= Beginning of Section =

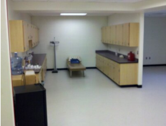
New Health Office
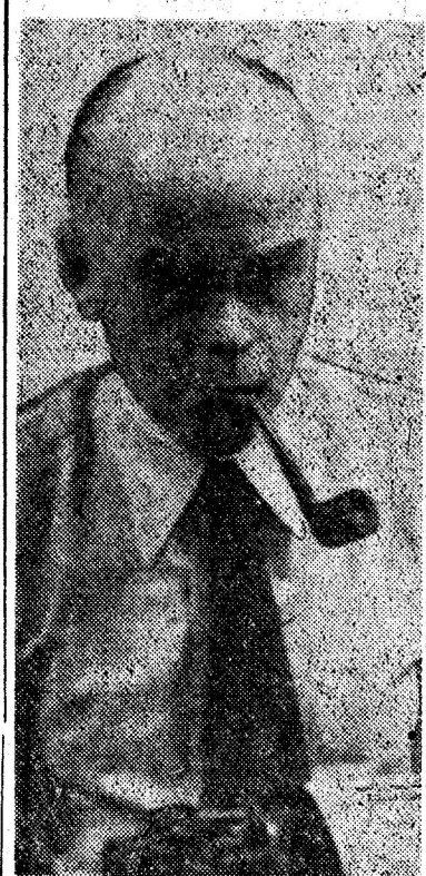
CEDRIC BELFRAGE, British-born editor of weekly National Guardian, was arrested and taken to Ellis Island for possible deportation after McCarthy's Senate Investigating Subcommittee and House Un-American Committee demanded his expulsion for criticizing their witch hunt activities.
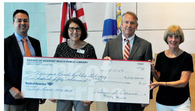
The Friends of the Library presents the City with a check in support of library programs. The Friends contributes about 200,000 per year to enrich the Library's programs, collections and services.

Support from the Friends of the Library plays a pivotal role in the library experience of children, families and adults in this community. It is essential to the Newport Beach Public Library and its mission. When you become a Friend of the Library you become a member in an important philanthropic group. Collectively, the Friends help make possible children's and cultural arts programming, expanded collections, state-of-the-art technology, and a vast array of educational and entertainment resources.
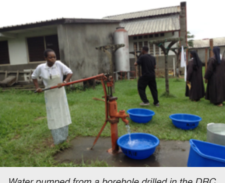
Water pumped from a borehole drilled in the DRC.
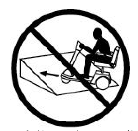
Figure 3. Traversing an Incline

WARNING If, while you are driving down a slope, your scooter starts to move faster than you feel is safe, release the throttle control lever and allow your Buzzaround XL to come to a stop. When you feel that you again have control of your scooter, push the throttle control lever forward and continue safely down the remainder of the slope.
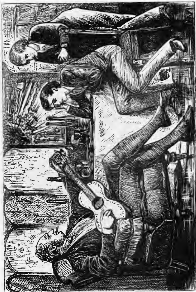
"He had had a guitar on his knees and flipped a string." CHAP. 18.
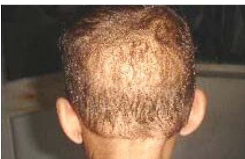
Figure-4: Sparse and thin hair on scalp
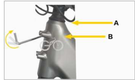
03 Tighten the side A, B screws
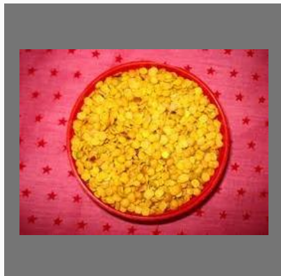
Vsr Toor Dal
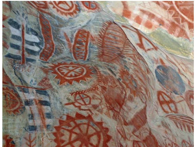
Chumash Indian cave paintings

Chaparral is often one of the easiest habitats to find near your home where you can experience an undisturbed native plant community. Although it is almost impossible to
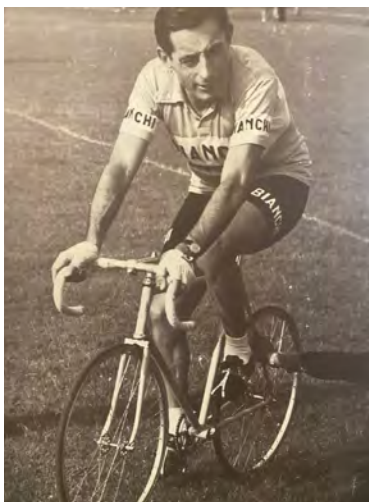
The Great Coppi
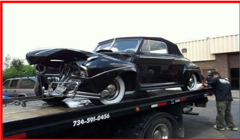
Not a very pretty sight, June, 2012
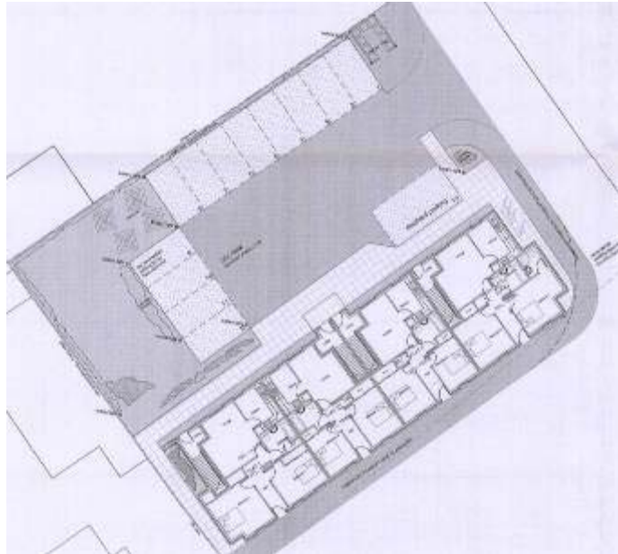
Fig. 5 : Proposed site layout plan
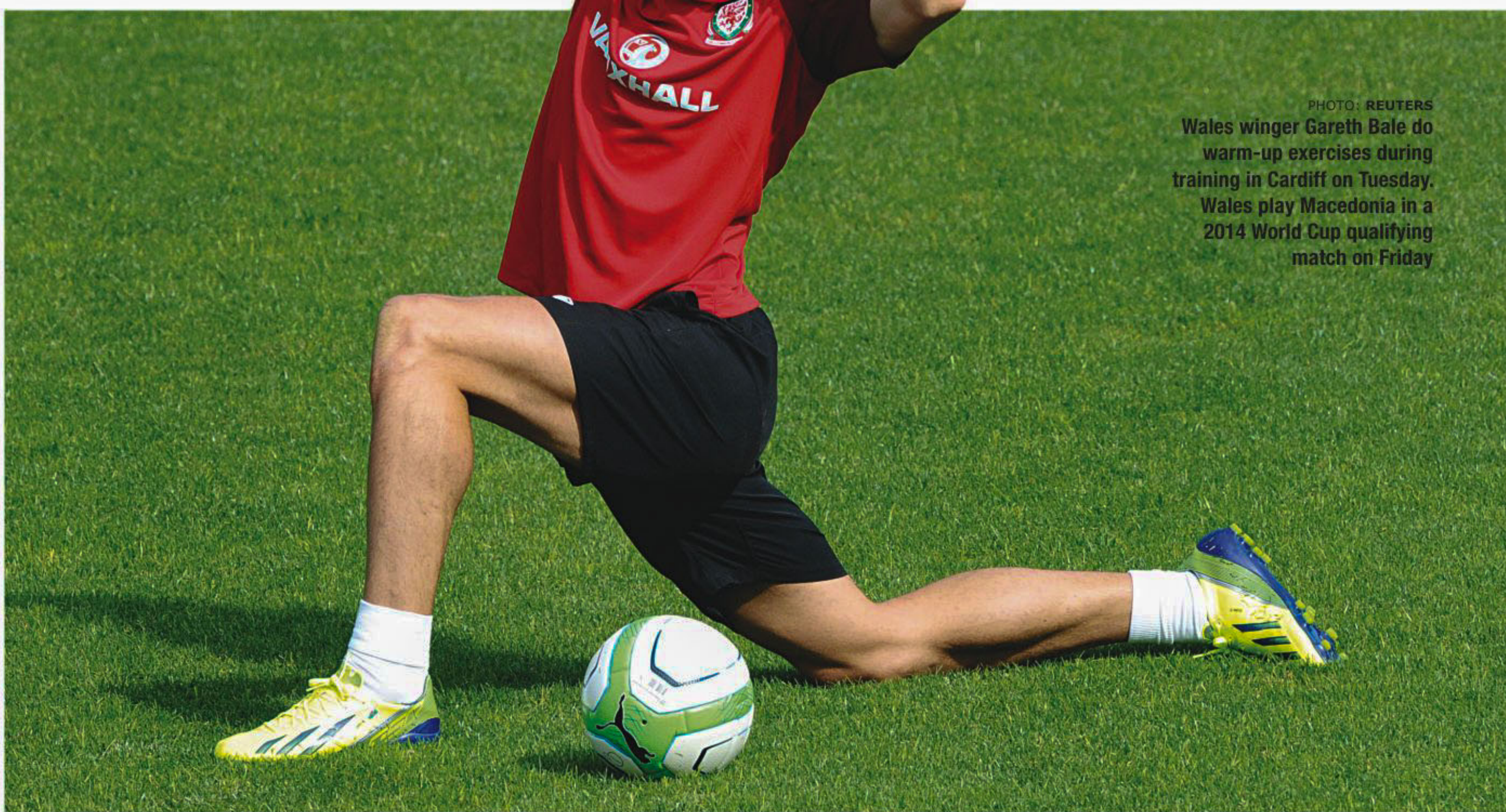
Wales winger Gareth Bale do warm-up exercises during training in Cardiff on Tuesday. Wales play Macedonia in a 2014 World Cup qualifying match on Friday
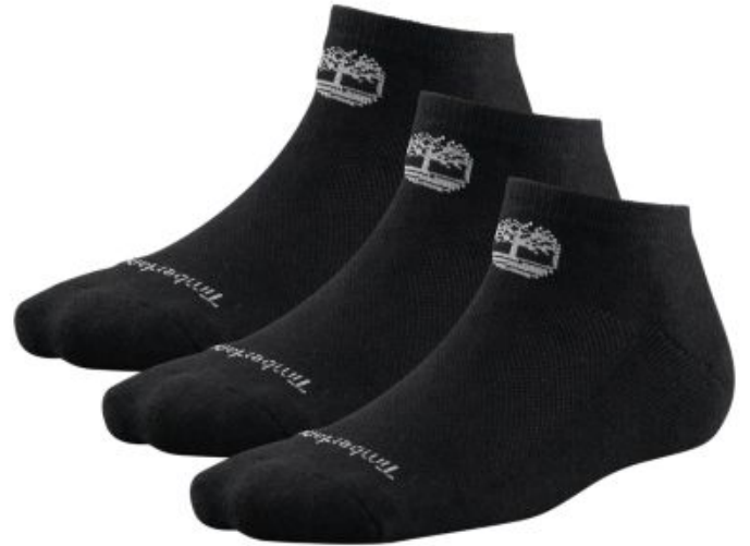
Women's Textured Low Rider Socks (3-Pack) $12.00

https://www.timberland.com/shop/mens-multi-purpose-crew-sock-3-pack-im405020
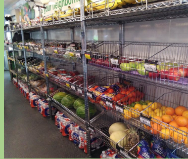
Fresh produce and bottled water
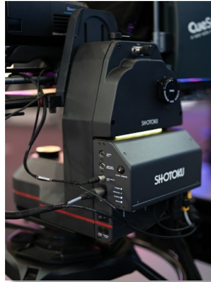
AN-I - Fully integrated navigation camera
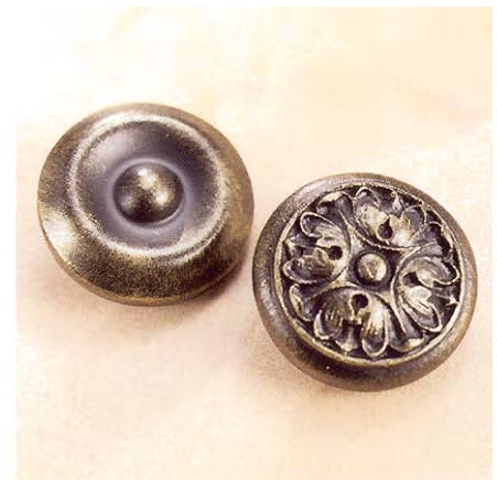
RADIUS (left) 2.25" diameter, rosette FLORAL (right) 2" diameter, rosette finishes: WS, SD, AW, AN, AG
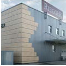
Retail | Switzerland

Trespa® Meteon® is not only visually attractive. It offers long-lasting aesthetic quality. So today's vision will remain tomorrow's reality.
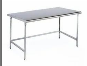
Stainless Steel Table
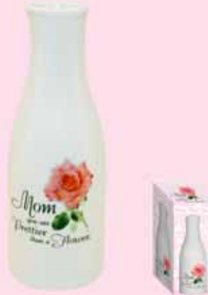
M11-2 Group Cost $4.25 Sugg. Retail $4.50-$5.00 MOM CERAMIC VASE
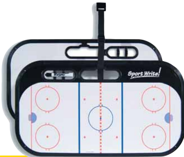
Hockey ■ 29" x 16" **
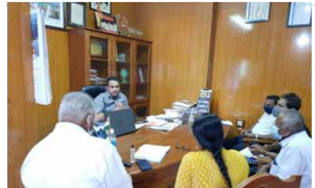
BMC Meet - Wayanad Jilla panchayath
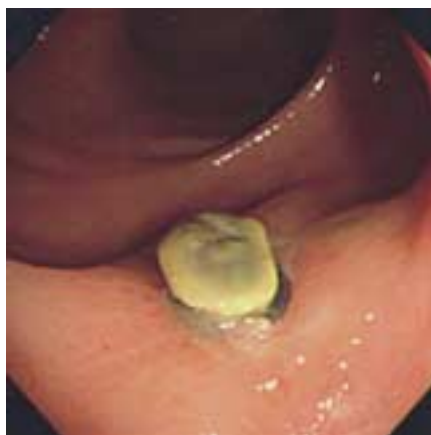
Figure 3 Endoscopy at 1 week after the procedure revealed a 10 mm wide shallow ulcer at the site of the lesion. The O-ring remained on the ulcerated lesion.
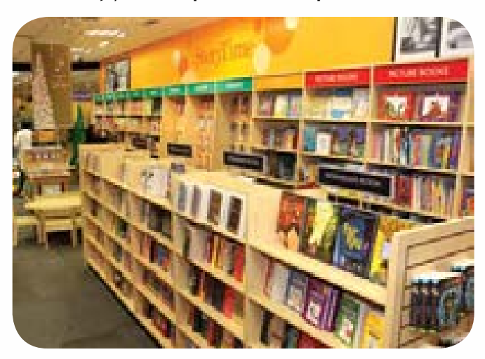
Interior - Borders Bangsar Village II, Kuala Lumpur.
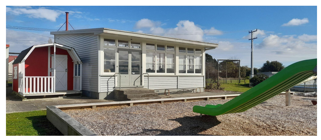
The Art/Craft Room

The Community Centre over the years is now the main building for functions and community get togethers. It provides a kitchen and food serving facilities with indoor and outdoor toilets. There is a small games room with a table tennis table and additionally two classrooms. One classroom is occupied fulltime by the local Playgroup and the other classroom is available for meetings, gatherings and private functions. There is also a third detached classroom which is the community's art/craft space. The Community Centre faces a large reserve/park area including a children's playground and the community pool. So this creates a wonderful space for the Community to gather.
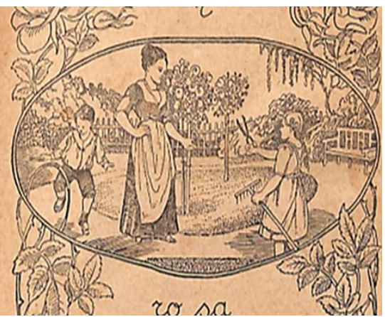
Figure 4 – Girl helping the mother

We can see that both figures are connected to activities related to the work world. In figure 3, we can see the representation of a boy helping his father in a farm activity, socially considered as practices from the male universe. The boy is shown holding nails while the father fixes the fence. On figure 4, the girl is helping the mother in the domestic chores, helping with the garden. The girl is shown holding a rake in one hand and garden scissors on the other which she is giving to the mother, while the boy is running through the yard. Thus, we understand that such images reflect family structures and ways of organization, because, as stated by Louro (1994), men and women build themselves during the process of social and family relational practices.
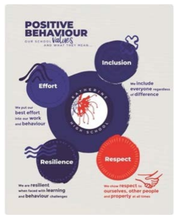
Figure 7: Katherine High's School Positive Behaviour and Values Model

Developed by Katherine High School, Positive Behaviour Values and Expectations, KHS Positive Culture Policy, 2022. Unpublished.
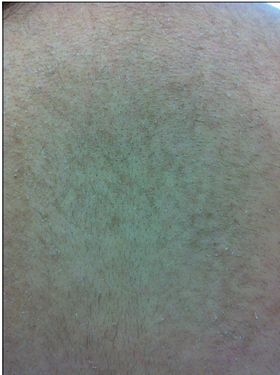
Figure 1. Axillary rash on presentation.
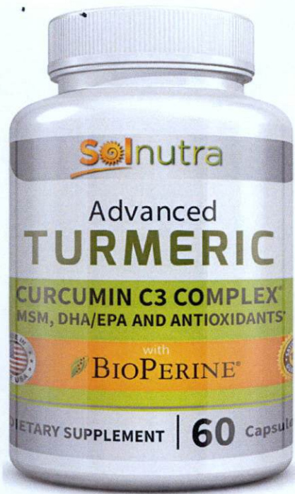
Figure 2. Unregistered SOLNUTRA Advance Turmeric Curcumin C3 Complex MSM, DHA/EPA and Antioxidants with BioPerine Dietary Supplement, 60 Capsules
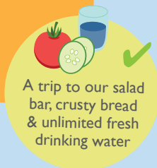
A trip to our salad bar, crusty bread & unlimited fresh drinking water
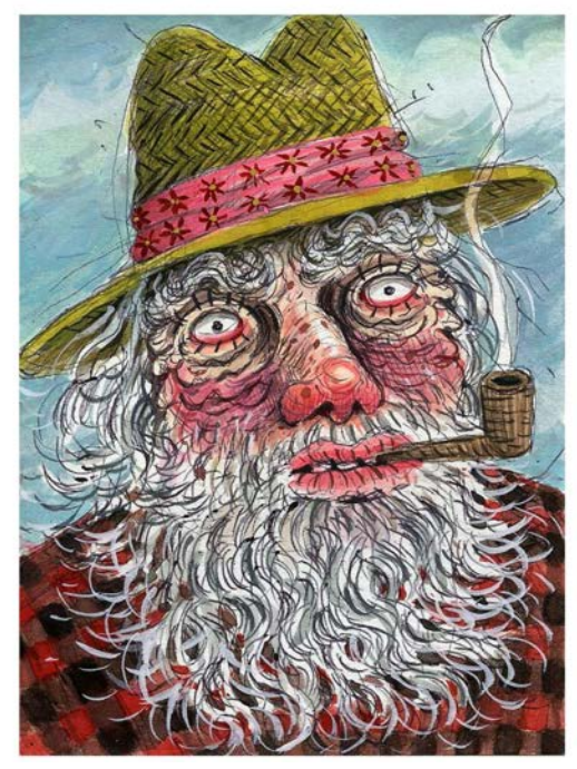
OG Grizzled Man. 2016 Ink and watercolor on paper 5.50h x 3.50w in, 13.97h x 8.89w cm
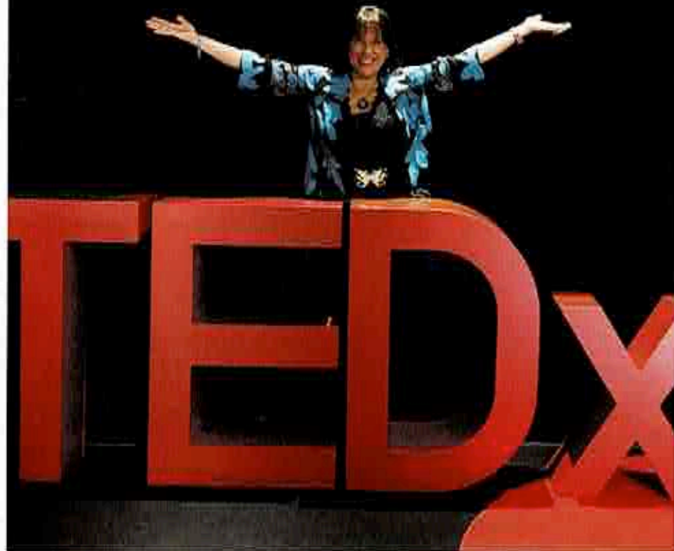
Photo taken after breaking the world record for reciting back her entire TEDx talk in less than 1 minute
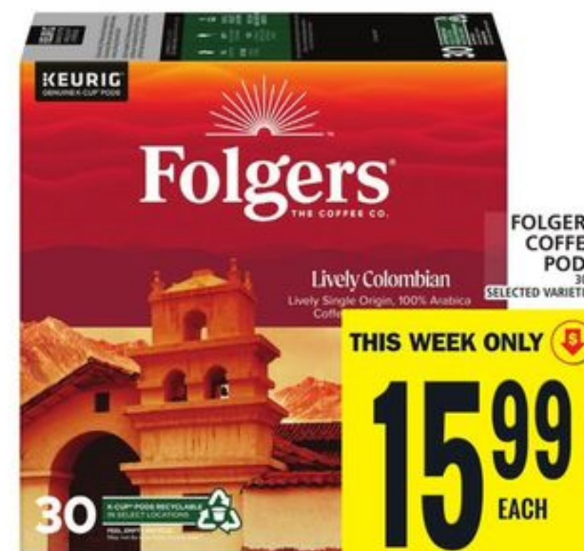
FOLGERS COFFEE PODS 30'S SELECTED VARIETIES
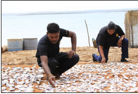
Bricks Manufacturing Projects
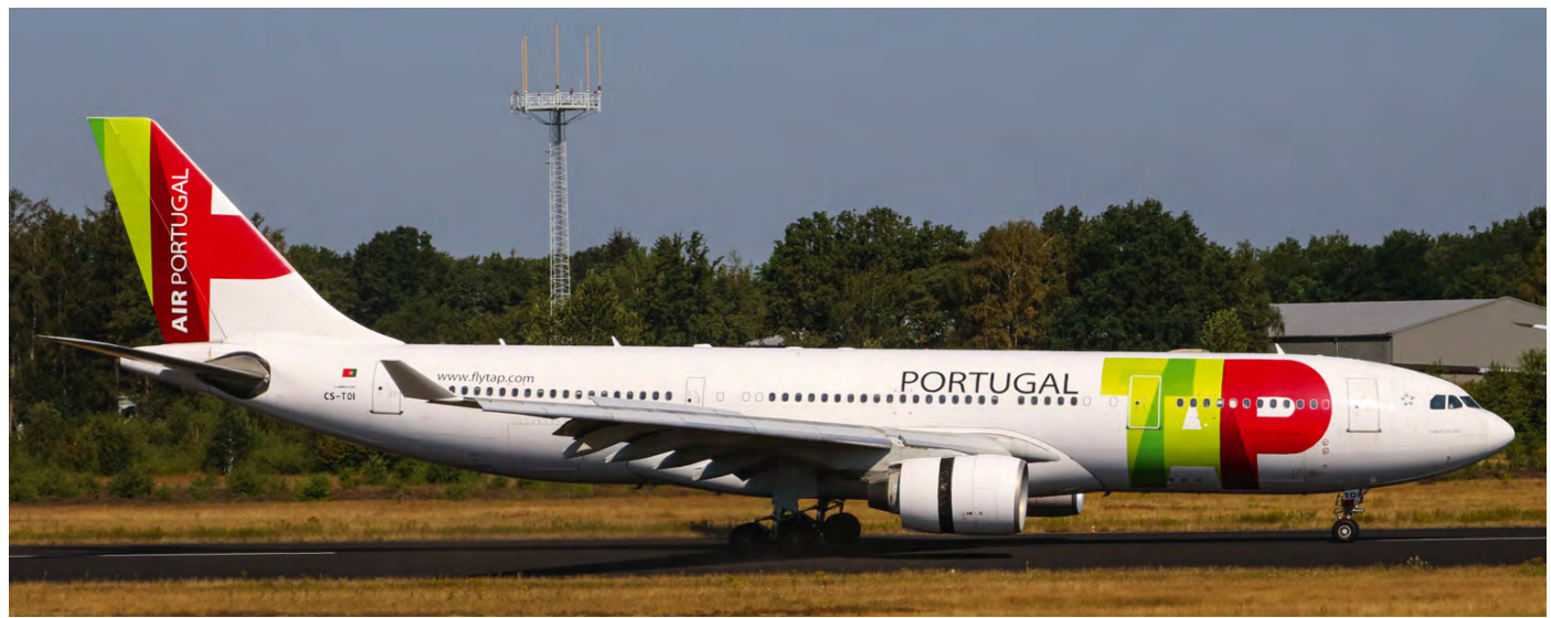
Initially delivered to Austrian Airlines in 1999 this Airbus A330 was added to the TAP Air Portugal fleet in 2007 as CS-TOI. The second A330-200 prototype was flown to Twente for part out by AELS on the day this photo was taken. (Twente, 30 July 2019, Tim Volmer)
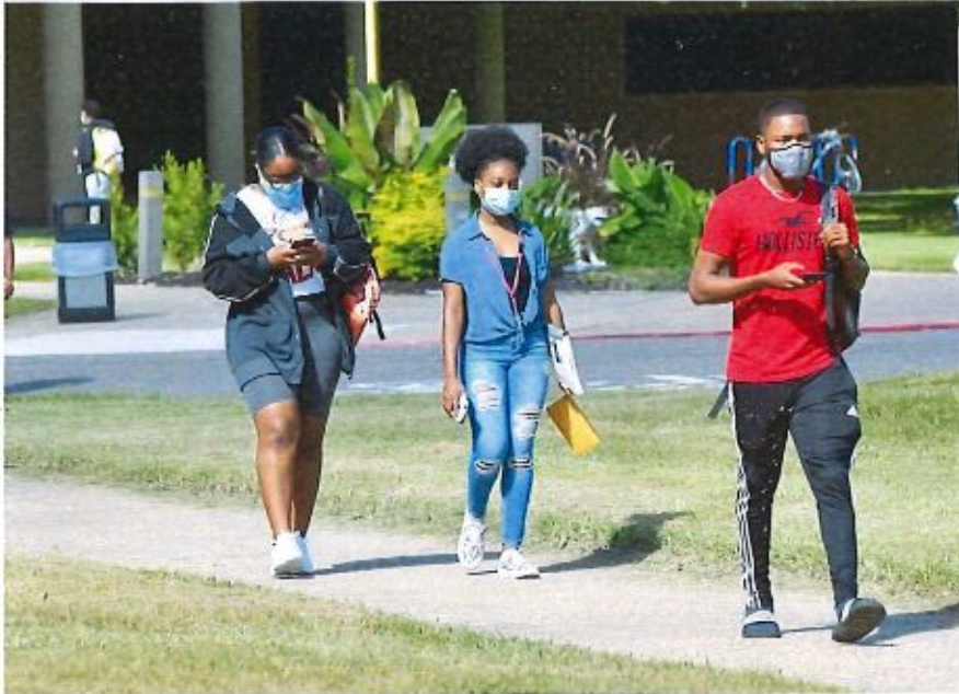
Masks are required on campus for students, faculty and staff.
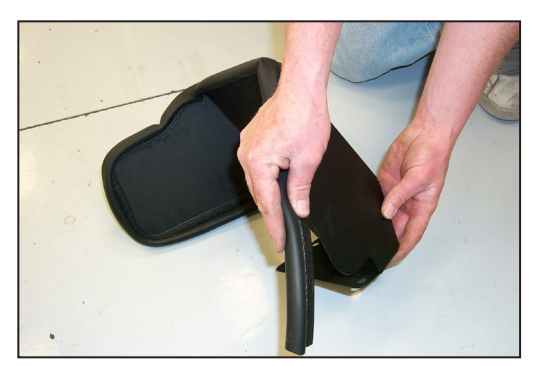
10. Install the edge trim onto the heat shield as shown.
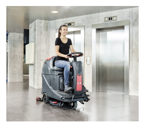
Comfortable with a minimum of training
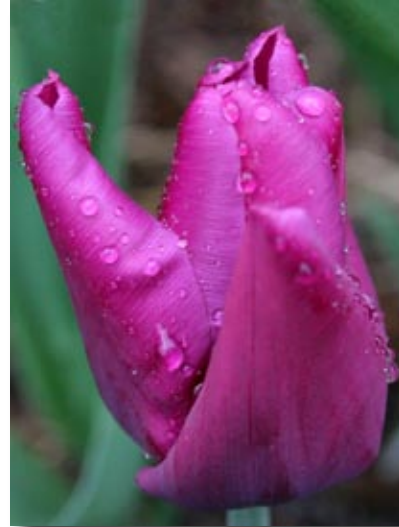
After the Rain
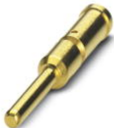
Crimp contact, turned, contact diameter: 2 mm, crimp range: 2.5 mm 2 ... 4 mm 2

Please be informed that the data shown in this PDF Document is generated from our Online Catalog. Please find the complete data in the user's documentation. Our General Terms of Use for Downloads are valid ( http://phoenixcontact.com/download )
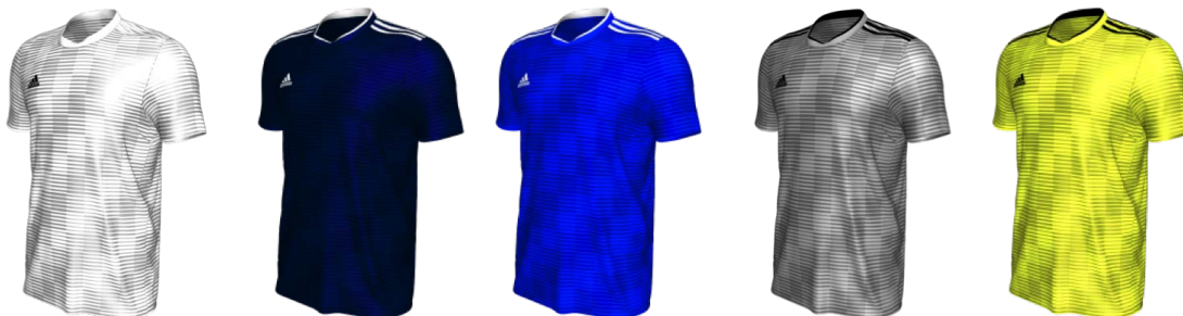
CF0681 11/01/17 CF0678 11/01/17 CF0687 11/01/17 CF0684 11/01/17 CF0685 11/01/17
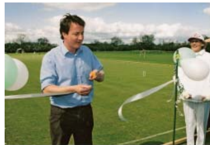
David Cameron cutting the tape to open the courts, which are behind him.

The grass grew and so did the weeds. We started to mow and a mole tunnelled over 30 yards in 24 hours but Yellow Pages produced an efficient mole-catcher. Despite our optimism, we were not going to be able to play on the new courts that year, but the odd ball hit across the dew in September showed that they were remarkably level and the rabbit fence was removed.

= End of Section =

BRIEF = Go line by line through the data, copying each one that contains the word "courts".

RESPONSE TO THIS EXERCISE =
David Cameron cutting the tape to open the courts, which are behind him.
The grass grew and so did the weeds. We started to mow and a mole tunnelled over 30 yards in 24 hours but Yellow Pages produced an efficient mole-catcher. Despite our optimism, we were not going to be able to play on the new courts that year, but the odd ball hit across the dew in September showed that they were remarkably level and the rabbit fence was removed.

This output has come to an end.